What keeps the world’s mining industry going is mineral exploration. To find and define mineral reserves and mineral resources is not just the name of the game but is itself a bit of a game. The trouble is statistically challenged qualified persons infer ore between holes before verifying spatial dependence either within holes or between holes. To infer ore between holes worked miracles when Bre-X drilled holes at a spacing of 50 m up to 200 m. When this geostatistical practice was applied at Bre-X’s Busang property, it didn’t spook the Ontario Securities Commission (OSC) until a few barren holes were twinned. But it really fooled Bre-X’s stakeholders, didn’t it?
Bre-X’s inferred phantom gold resource passed David’s famous pudding test with a parade of red flags flying. Yet, it was an cinch to prove nothing but barren rock between salted holes. Bre-X’s boss salter didn’t even know how to create spatial dependence between ordered sets of bogus gold grades. Not that it would have mattered. In 2008 qualified persons still do not know how to verify spatial dependence by applying analysis of variance to the variance of a set and the first variance term of the ordered set. But did they ever know how to infer phantom gold between Busang’s barren holes. The trouble with qualified persons is they don’t want to test for spatial dependence between measured values in ordered sets.
There’s more to the Bre-X salting scam than swindled shareholders were told. The 1998 Interim Report on Setting New Standards doesn’t make an easy read. I was pleased because the Mining Standards Task Force (MSTF) talked about real statistics in ore reserve estimation where surreal geostatistics had ruled supreme since the 1990s. But MSTF’s best-laid plan for real statistics in ore reserve estimation came to naught because the odd geostat guru turned bold again and bounced back after the Bre-X fraud. What replaced the Mining Standards Task Force and its 1998 Interim Report was CIM Standing Committee of Reserve Definitions and its National Instrument 43-101 Standards of Disclosure for Mineral Projects. CIM’s definitions were all about weasel words and window dressing with loads of twists and turns. Some sort of show but don’t tell. It sported as many sound sampling practices and proven statistical methods as the Philosopher’s Stone. And much of it was crafted by the most jaded geostatistical mind West of the Rocky Mountains.

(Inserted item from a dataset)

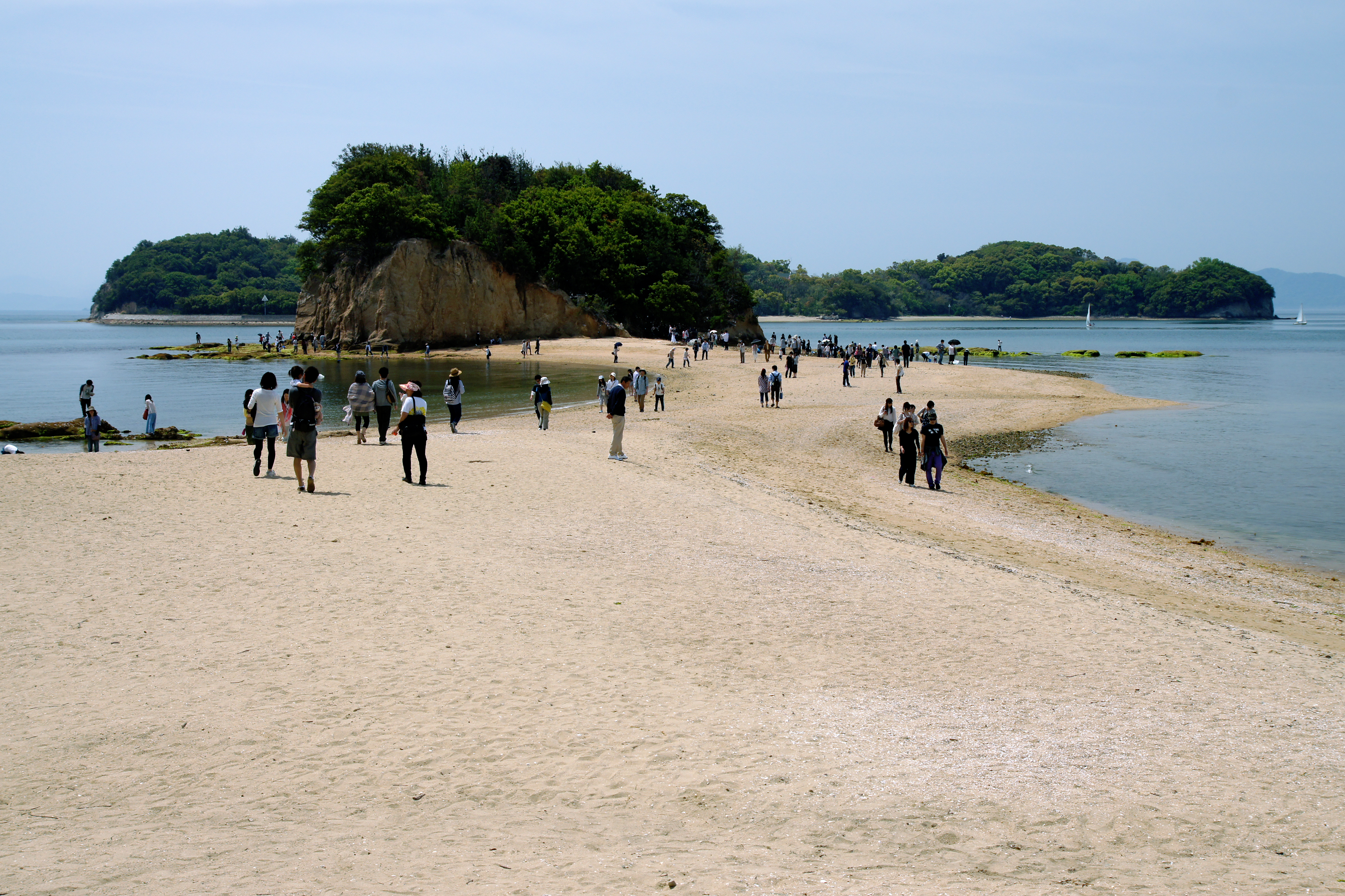 The Angel Road of Shōdo Island, Tonosho, Kagawa prefecture, Japan

To assume the continuity of mineralization between ordered sets of measured values was all the rage among geostatistically gifted ore reserve practitioners in the early 1990s! I myself like to infer because I grew up with sampling and statistics. To infer has the ring of true statistics in my little world. I know statistical inferences and degrees of freedom belong together like donuts and holes. And I even know why! To assume, krige, smooth and rig the rules of statistics was never an option in my work! What I did do is derive confidence limits for the weighted average grade of each hole. Matheron didn’t derive the variance of the length-weighted average for a set of core samples with variable lengths in 1954. So I derived it in 1994. I always verify spatial dependence between measured values in ordered sets. It doesn’t matter whether core samples vary in length, in density, or in both length and density. Statistics gives confidence limits for metal grades and contents as an intuitive measure for risk. And it gives confidence limits that take into account a significant degree of spatial dependence between measured values in ordered sets. This is why it’s so much fun to work with real statistics but kind of silly to put up with surreal geostatistics.
Mines do not like confidence limits for mineral reserves in annual reports because it’s a promise of sorts to mining investors. When mines ship mineral concentrates or mined ores to other mines or to smelters, they like confidence limits for metal contents and grades as a measure for risk. So what gives? I told John Drury, Chair, CIM Ad Hoc Reserve Definitions Committee and OSC’s mining expert, that ISO Technical Committee 183 derived unbiased confidence limits for metal contents and grades of mineral concentrates and mined ores. Drury didn’t grasp why the very same method does give 95% confidence intervals and ranges for metal contents and grades of mineral reserves. I liked John Drury because he made time to listen to my story. The year was 1994 and Bre-X’s was busy at Busang!
Geostatistically engineered mineral reserves may bode well in annual reports but are bound to shrink when mined. Geostatisticians do not know how to derive unbiased confidence limits for metal contents and grades. Pollsters do report confidence limits for opinion surveys because they work with real variances. Geostatisticians work with pseudo kriging variances and do not get unbiased confidence limits. So what’s the matter with the average geostatistical mind? The quintessence is that Agterberg fumbled the variance of the distance-weighted average first in 1970 and again in 1974. It’s a tale of two fumbles so to speak. What baffles me is that not a single geostatistician has asked Agterberg to explain why his distance-weighted average point grade does not have a variance. When will the world’s mining industry ask that question? When will it be ready to replace Matheron’s statistical madness with sound sampling practices and proven statistical methods?